Learn more about bidirectional Unicode characters
| SearchResponse scrollResp = client.prepareSearch("filebeat-*") | |
| // set the timeout value – important for long running scrolls | |
| .setScroll(new TimeValue(60*60)) | |
| // example of an "OR" filter using "should" boolean expression | |
| .setQuery(QueryBuilders.boolQuery().should(QueryBuilders.termQuery("Type", "TRAFFIC")) | |
| .should(QueryBuilders.termQuery("pfsense_type", "filterlog:")).minimumShouldMatch("1")) | |
| // example of filter to query documents between a time range | |
| .setPostFilter(QueryBuilders.rangeQuery("@timestamp").from(QueryFrom).to(QueryTo)) | |
| .setSize(1000).execute().actionGet(); //10,000 hits per shard will be returned for each scroll | |
| //Scroll until no hits are returned | |
| while (true) { | |
| for (SearchHit hit : scrollResp.getHits().getHits()) { | |
| //process the search hit | |
| } | |
| //update the scroll ID | |
| scrollResp = client.prepareSearchScroll(scrollResp.getScrollId()).setScroll(new TimeValue(timeValueSetting)).execute().actionGet(); | |
| //Break condition: No hits are returned so the scroll is finished | |
| if (scrollResp.getHits().getHits().length == 0) { | |
| break; | |
| } | |
| } |
In lines 1-10 above we see the exact syntax of building an API scroll, including some queries and filters.
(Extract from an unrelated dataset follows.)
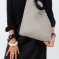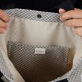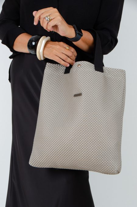Bolsa tipo tote bag de gran capacidad y comodidad, confeccionada en tejido de tapicería tipo neopreno de color piedra.
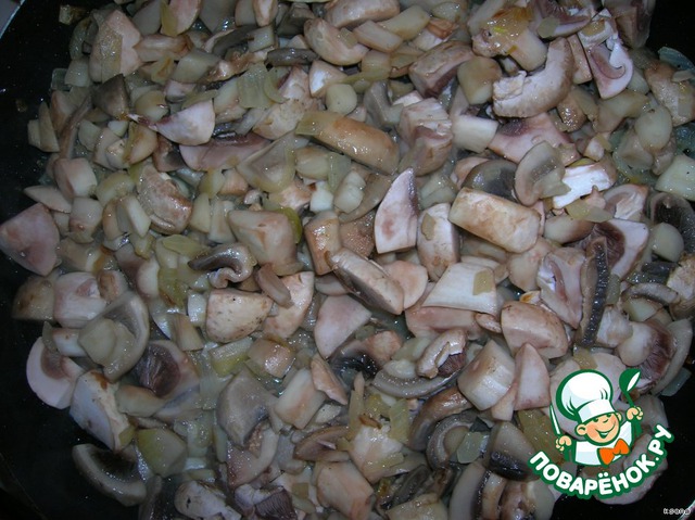 Далее мелко режем лучок, немного обжариваем и следом добавляем грибочки, предварительно порезанные, все это вместе тушим минут 15 - 20.

Particularly, note the use of .setScroll() and .setSize().
.setSize() simply controls the amount of documents that will be returned per shard for each scroll.
.setScroll() is important for long running operations, and it sets the value for how long a particular scroll view should remain valid. Failing to set this setting appropriately will results in “No Context” errors when updating the scroll ID.
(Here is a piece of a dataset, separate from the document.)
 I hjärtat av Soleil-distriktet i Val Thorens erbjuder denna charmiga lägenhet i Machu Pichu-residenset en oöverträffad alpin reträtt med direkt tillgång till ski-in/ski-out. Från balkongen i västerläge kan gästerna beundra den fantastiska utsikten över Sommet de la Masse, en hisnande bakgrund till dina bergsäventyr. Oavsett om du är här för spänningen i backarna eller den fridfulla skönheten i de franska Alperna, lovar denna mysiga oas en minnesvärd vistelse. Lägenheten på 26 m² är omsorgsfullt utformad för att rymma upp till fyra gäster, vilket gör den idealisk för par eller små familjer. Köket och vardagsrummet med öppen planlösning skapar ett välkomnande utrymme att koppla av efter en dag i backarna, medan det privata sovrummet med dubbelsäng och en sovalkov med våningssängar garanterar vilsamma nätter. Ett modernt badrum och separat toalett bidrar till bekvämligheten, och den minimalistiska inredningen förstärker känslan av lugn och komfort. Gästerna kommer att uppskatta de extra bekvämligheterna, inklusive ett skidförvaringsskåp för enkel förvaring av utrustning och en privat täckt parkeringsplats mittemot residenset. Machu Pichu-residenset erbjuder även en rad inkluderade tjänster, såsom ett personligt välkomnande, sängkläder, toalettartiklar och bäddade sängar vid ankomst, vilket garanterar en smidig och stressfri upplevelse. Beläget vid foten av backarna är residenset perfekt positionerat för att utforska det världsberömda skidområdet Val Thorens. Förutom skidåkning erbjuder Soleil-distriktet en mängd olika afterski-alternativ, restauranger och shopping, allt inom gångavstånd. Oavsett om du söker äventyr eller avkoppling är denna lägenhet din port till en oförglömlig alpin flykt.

In lines 12 – 25 we see how to “operate” the prepared scroll. As the documentation explains, each scroll gets a number of hits which we process in the “for” loop. Once processed, we need to update the scroll with the new scroll ID (this marks which document the client has arrived to) and loop again until there scroll is finished, which we do in the “while” loop above.
- Leverage multithreading, specifically using Java’s Thread Pools
One area for performance optimization is the use of threads. In the snippet above, a very good option for threads is to process each hit, which should happen in line 15 of the snippet above.
The easiest way to do this is to leverage Java’s ExecutorService as follows:
ExecutorService executor = Executors.newFixedThreadPool(8); // this produces a pool of 8 worker threads.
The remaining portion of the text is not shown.